Foundation pit steel support beam axial force monitoring structure
By improving the design of the positioning plate, protective sleeve, and drainage channel of the axial force monitoring structure of the foundation pit steel support beam, the problems of inaccurate positioning and corrosion in the existing technology have been solved, achieving higher measurement accuracy and equipment durability.
Patent Information
- Authority / Receiving Office
- CN · China
- Patent Type
- Utility models(China)
- Current Assignee / Owner
- YELLOW RIVER ENG CONSULTING CO LTD
- Filing Date
- 2025-04-30
- Publication Date
- 2026-06-09
Smart Images

Figure CN224341095U_ABST
Abstract
Description
Technical Field
[0001] This utility model relates to the field of foundation pit engineering monitoring technology, and in particular to a structure for monitoring the axial force of a foundation pit steel support beam. Background Technology
[0002] In foundation pit engineering, axial force gauges are commonly used to monitor the axial force of steel support beams. The working principle is that when the support beam is subjected to force, the axial force gauge installed at its end will be compressed and deformed. Its shell will deform synchronously, which will be transmitted to the steel string and transformed into a change in the stress of the steel string, thereby changing the vibration frequency of the steel string. At this time, the electromagnetic coil will excite the steel string and measure its vibration frequency. The frequency signal is transmitted to the frequency meter through the cable, and the axial force on the support beam can be measured.
[0003] The existing structure for monitoring the axial force of steel support beams mainly includes a hinged head, a support sleeve, an axial force gauge, and top support bolts. First, a hinged head (i.e., the load-bearing node component at the end of the steel support beam) is coaxially installed at the end of the steel support beam. Then, the support sleeve is coaxially welded to the end face of the hinged head. After the welding cools, the axial force gauge is placed in the end of the support sleeve furthest from the steel support beam, and four top support bolts are used to vertically pass through the support sleeve from the outside to the inside to support and fix the axial force gauge.
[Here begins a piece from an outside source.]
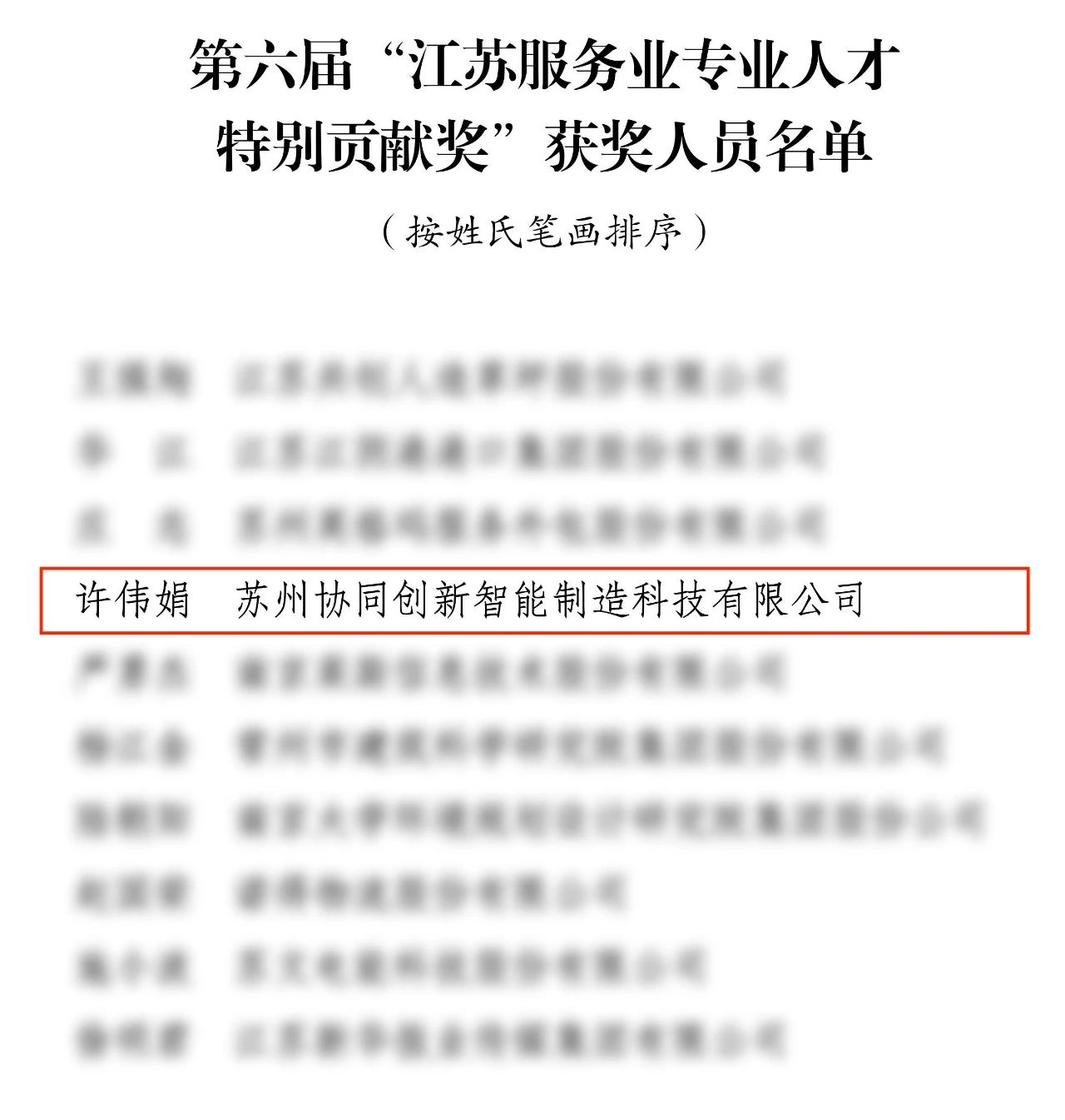 近日,省政府发布了第六届“江苏服务业专业人才特别贡献奖”获奖人员名单,全省共10人获奖,协同科技许伟娟成功上榜。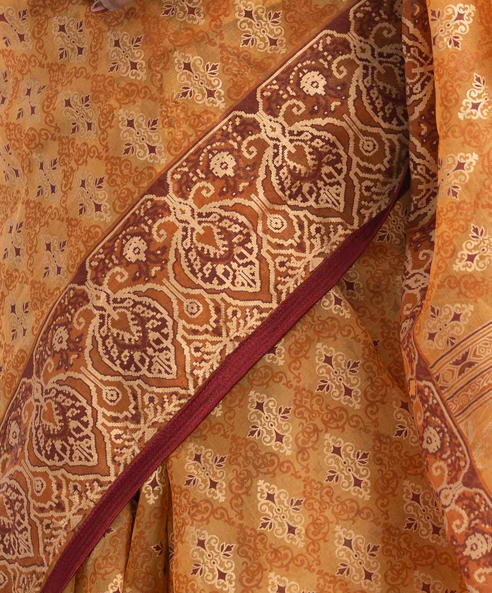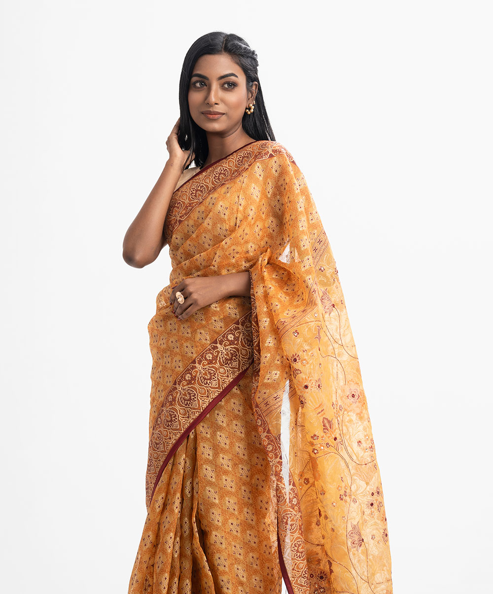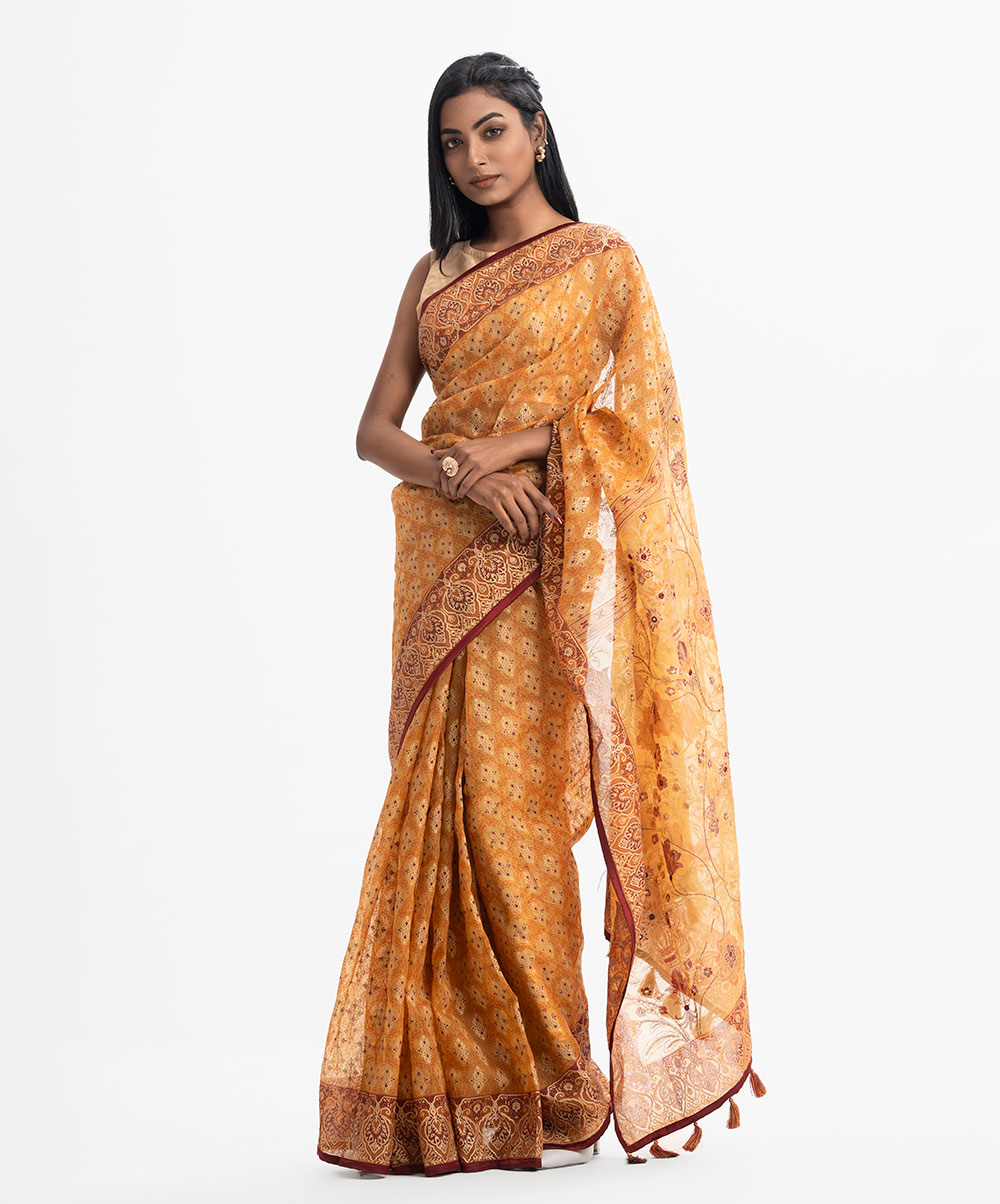 Women’s exclusive printed saree in muslin fabric. Heavy Karchupi at achal, patchwork at the border and added tassels.

During monitoring, the initial frequency of the axial force gauge is measured and recorded before applying prestress to the steel support beam. Then, prestress can be applied to the steel support beam. Once the applied prestress reaches the design standard, normal measurement can begin, thereby measuring the reaction force and load of the steel support beam using the axial force gauge.
[0004] The existing axial force monitoring structure for steel support beams has a large gap between the axial force gauge and the inner wall of the support sleeve. When the axial force gauge is fixed and positioned by four top support bolts, its positioning stability and accuracy are poor. Especially when the support structure deforms, causing the steel support beam to deform, the top support bolts are prone to rotating outward and loosening, which can cause the axial force gauge to tilt, resulting in inaccurate positioning and affecting measurement accuracy. Furthermore, during actual installation, the welding of the support sleeve and the hinge head is not easily aligned precisely due to the worker's skill level, causing the axial force gauge to be off-center. The measured axial force value is less than the actual force, which can lead to structural instability and safety hazards. In addition, the support sleeve is horizontal along with the steel support beam. When it rains, the lower half of the support sleeve cavity is prone to accumulating water, which can corrode the support sleeve or affect the service life of the axial force gauge. Summary of the Invention
[0005] The purpose of this utility model is to provide a structure for monitoring the axial force of steel support beams in foundation pits, addressing the shortcomings of existing technologies.
[0006] To achieve the above objectives, the present invention can adopt the following technical solution:
[0007] The axial force monitoring structure for the foundation pit steel support beam of this utility model includes a hinged head installed at the end of the steel support beam, a support sleeve fixed to the hinged head, and an axial force gauge installed in the support sleeve and fixed by a plurality of top support bolts. A fixed positioning plate is attached to the end of the hinged head away from the steel support beam. The positioning plate has a mating hole that matches the support sleeve. The central axis of the mating hole is aligned with the axis of the hinged head. Multiple positioning grooves extending outward in a radiating pattern are evenly distributed along the circumference of the mating hole. The outer wall of the support sleeve is evenly distributed with reinforcing ribs that are adapted to and engage with the positioning groove; a protective sleeve is vertically fixed on the outer wall of the support sleeve and is fitted onto the outside of the top support bolt. An end cap is adapted to be fastened on the protective sleeve, and a compression spring is provided inside the end cap to press against the top support bolt; multiple mounting grooves are evenly distributed circumferentially on the outer wall of the protective sleeve, and a locking pin is fixedly connected to the mounting groove by the top support spring. The end cap is provided with a slot that engages with the locking pin and an unlocking through hole that communicates with the slot.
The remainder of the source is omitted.